## Work item
Exactly as written, return all the data, leaving its pictures behind.
-------- Provided entries
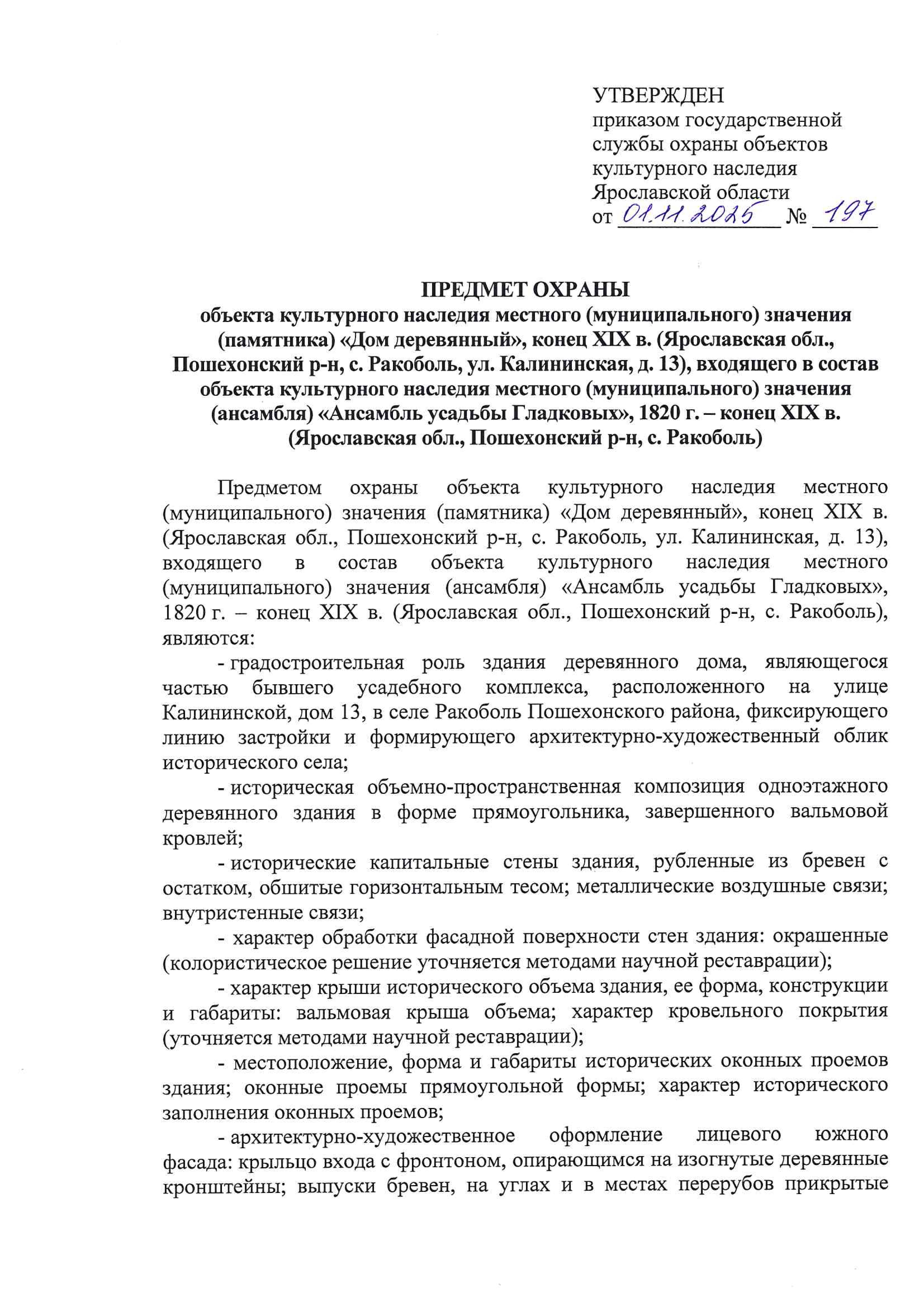 Приказ государственной службы охраны объектов культурного наследия Ярославской области от 01.11.2025 № 197
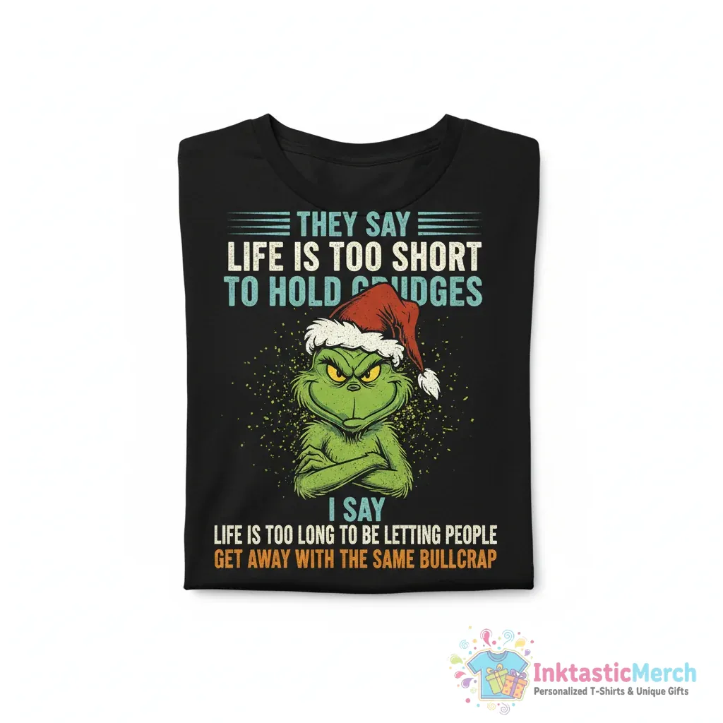 Embrace your inner Grinch with the “Grinch, they say life is too short to hold grudges, I say life is too long to be letting people” shirt. Crafted with care from premium quality fabric, this tee ensures you look good and feel great, making it a statement piece for those with a witty personality and unique style. Discover more at inktasticmerch.com.
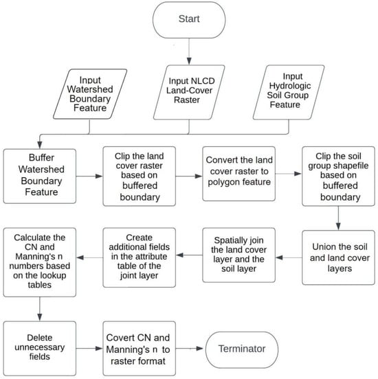In this paper, we introduce a unique ArcMap Python-based tool that simplifies and automates the computational process of key parameters in hydrologic analysis and hydraulic modeling, i.e., the SCS-CN and Manning’s n roughness coefficients, using the geospatial land cover data. Conceived in response to the growing need for geospatial input data for grid-based simulations in hydrology and hydraulic disciplines, the current tool efficiently fills the gap in the existing geospatial software toolbox collections.
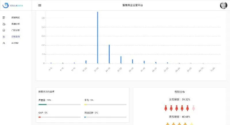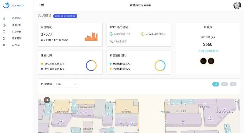 以人脸识别和语音识别为优势技术,百度也在更广泛的领域推动AI技术落地。杭州湖滨银泰in77商场从2018年开始使用含有百度AI人脸识别及人体分析等技术的CELLA提供的零售云智慧商业解决方案,打造购物中心智慧运营新模式。通过在线下商场各人流密集区域部署摄像头,百度进行人脸抓拍自动采集会员照片,帮助银泰in77建立虚拟会员系统。基于设备实时收集以及商场原有的会员数据,CELLA会从多维度进行大数据分析完成顾客画像,让购物中心全面了解客户,实现AI辅助导购进行销售决策。
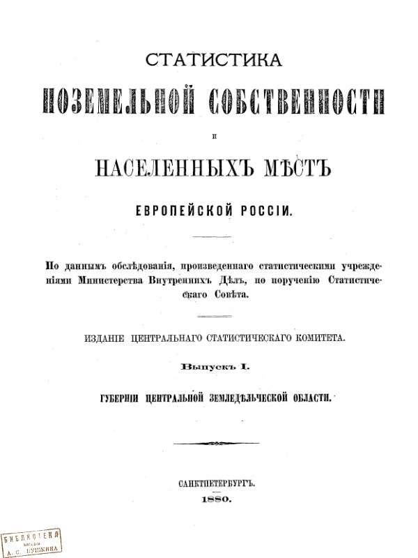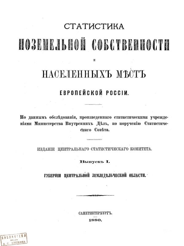 Статистика поземельной собственности и населенных мест европейской России. В.1. 1880
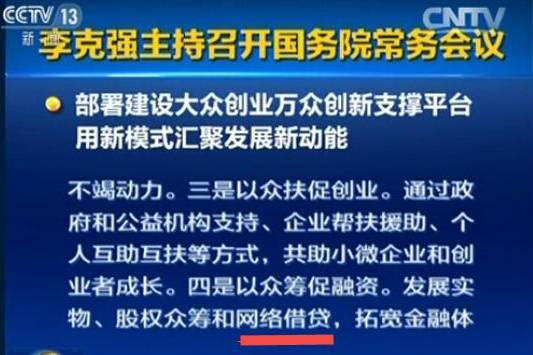 李克强总理在会议上指出,要发展股权众筹和网络借贷,有效拓宽金融体系服务创业创新的新渠道新功能。
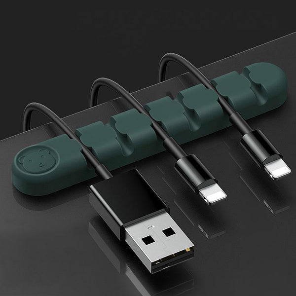 6 Holes Bear Silicone Desktop Data Cable Organizing And Fixing Device(Dark Green)
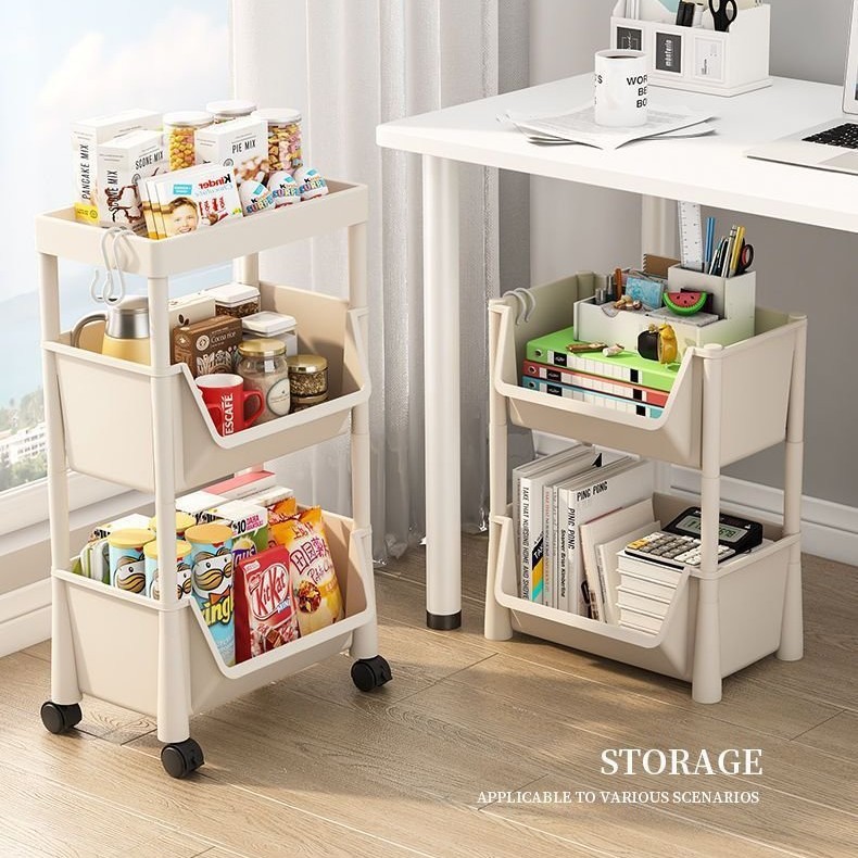 トロリー収納ラック家庭用スナック床置き多層リビングルーム収納本棚モバイルキッチン果物と野菜バスケットラック
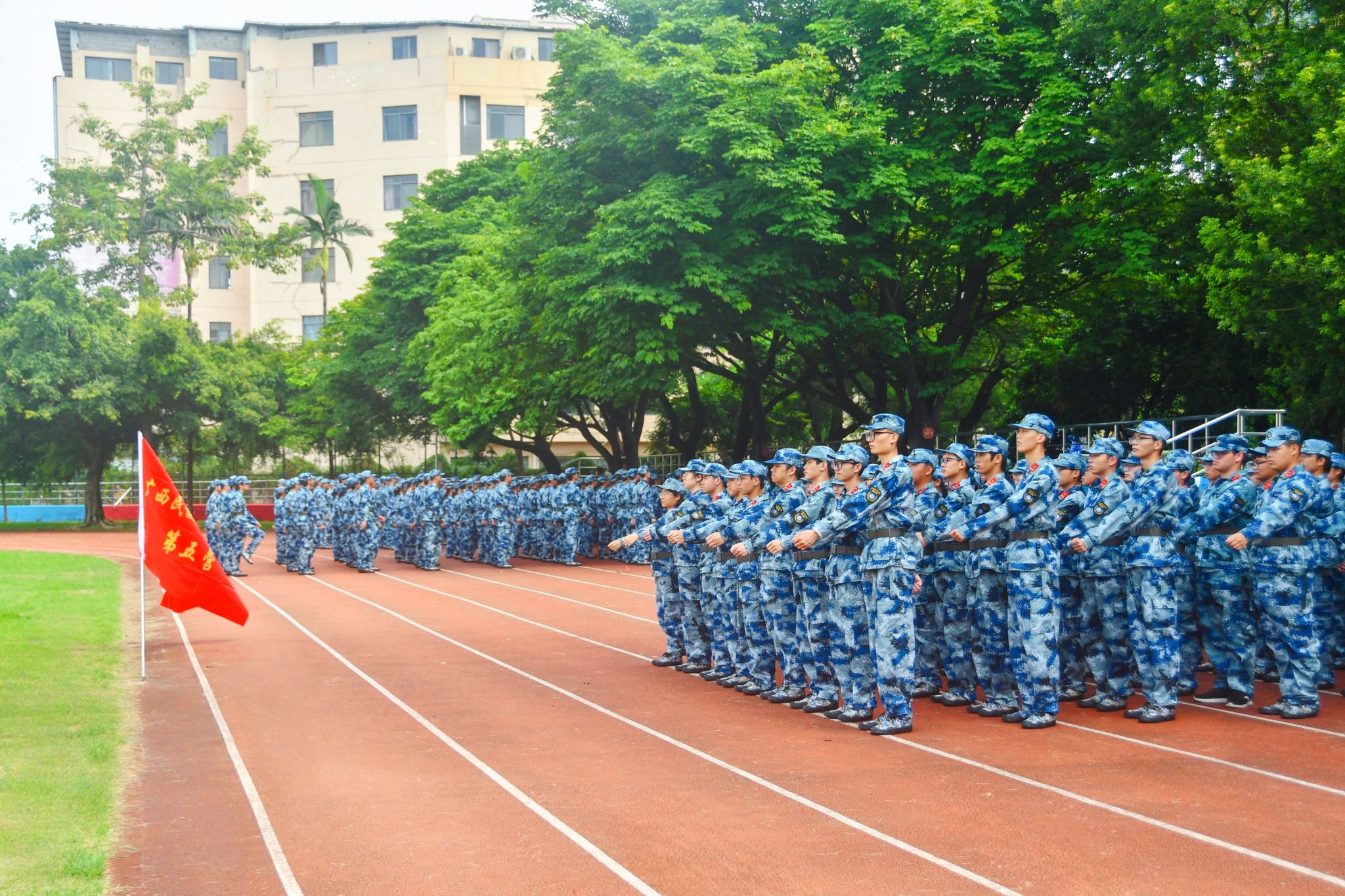 唐平秋勉勵(lì)同學(xué)們珍惜軍訓(xùn)機(jī)會(huì),在艱苦訓(xùn)練中磨煉意志、增強(qiáng)體魄,培養(yǎng)團(tuán)結(jié)協(xié)作、令行禁止的作風(fēng),深刻領(lǐng)會(huì)“有理想、敢擔(dān)當(dāng)、能吃苦、肯奮斗”的精神內(nèi)涵。希望同學(xué)們將軍訓(xùn)中形成的優(yōu)良品質(zhì)延續(xù)到今后的學(xué)習(xí)生活中,堅(jiān)定理想信念,實(shí)踐報(bào)國之行,努力成為擔(dān)當(dāng)民族復(fù)興大任的時(shí)代新人。
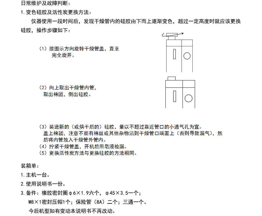 1、 主机一台。 2、 使用说明书一份。 3、 备件:橡胶密封圈φ6×1.9六个,φ45×3.5一个; M8×1密封压帽1个;保险管(8A)二个;三通一个。
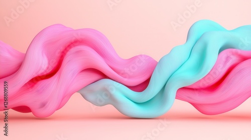 Abstract pink and blue wave pattern on a pink background with interlaced blue elements
----------------
## Written response
 Приказ государственной службы охраны объектов культурного наследия Ярославской области от 01.11.2025 № 197
 Embrace your inner Grinch with the “Grinch, they say life is too short to hold grudges, I say life is too long to be letting people” shirt. Crafted with care from premium quality fabric, this tee ensures you look good and feel great, making it a statement piece for those with a witty personality and unique style. Discover more at inktasticmerch.com.
In this paper, we introduce a unique ArcMap Python-based tool that simplifies and automates the computational process of key parameters in hydrologic analysis and hydraulic modeling, i.e., the SCS-CN and Manning’s n roughness coefficients, using the geospatial land cover data. Conceived in response to the growing need for geospatial input data for grid-based simulations in hydrology and hydraulic disciplines, the current tool efficiently fills the gap in the existing geospatial software toolbox collections.
 以人脸识别和语音识别为优势技术,百度也在更广泛的领域推动AI技术落地。杭州湖滨银泰in77商场从2018年开始使用含有百度AI人脸识别及人体分析等技术的CELLA提供的零售云智慧商业解决方案,打造购物中心智慧运营新模式。通过在线下商场各人流密集区域部署摄像头,百度进行人脸抓拍自动采集会员照片,帮助银泰in77建立虚拟会员系统。基于设备实时收集以及商场原有的会员数据,CELLA会从多维度进行大数据分析完成顾客画像,让购物中心全面了解客户,实现AI辅助导购进行销售决策。
 Статистика поземельной собственности и населенных мест европейской России. В.1. 1880
 李克强总理在会议上指出,要发展股权众筹和网络借贷,有效拓宽金融体系服务创业创新的新渠道新功能。
 6 Holes Bear Silicone Desktop Data Cable Organizing And Fixing Device(Dark Green)
 トロリー収納ラック家庭用スナック床置き多層リビングルーム収納本棚モバイルキッチン果物と野菜バスケットラック
 唐平秋勉勵(lì)同學(xué)們珍惜軍訓(xùn)機(jī)會(huì),在艱苦訓(xùn)練中磨煉意志、增強(qiáng)體魄,培養(yǎng)團(tuán)結(jié)協(xié)作、令行禁止的作風(fēng),深刻領(lǐng)會(huì)“有理想、敢擔(dān)當(dāng)、能吃苦、肯奮斗”的精神內(nèi)涵。希望同學(xué)們將軍訓(xùn)中形成的優(yōu)良品質(zhì)延續(xù)到今后的學(xué)習(xí)生活中,堅(jiān)定理想信念,實(shí)踐報(bào)國之行,努力成為擔(dān)當(dāng)民族復(fù)興大任的時(shí)代新人。
 1、 主机一台。 2、 使用说明书一份。 3、 备件:橡胶密封圈φ6×1.9六个,φ45×3.5一个; M8×1密封压帽1个;保险管(8A)二个;三通一个。
 Abstract pink and blue wave pattern on a pink background with interlaced blue elements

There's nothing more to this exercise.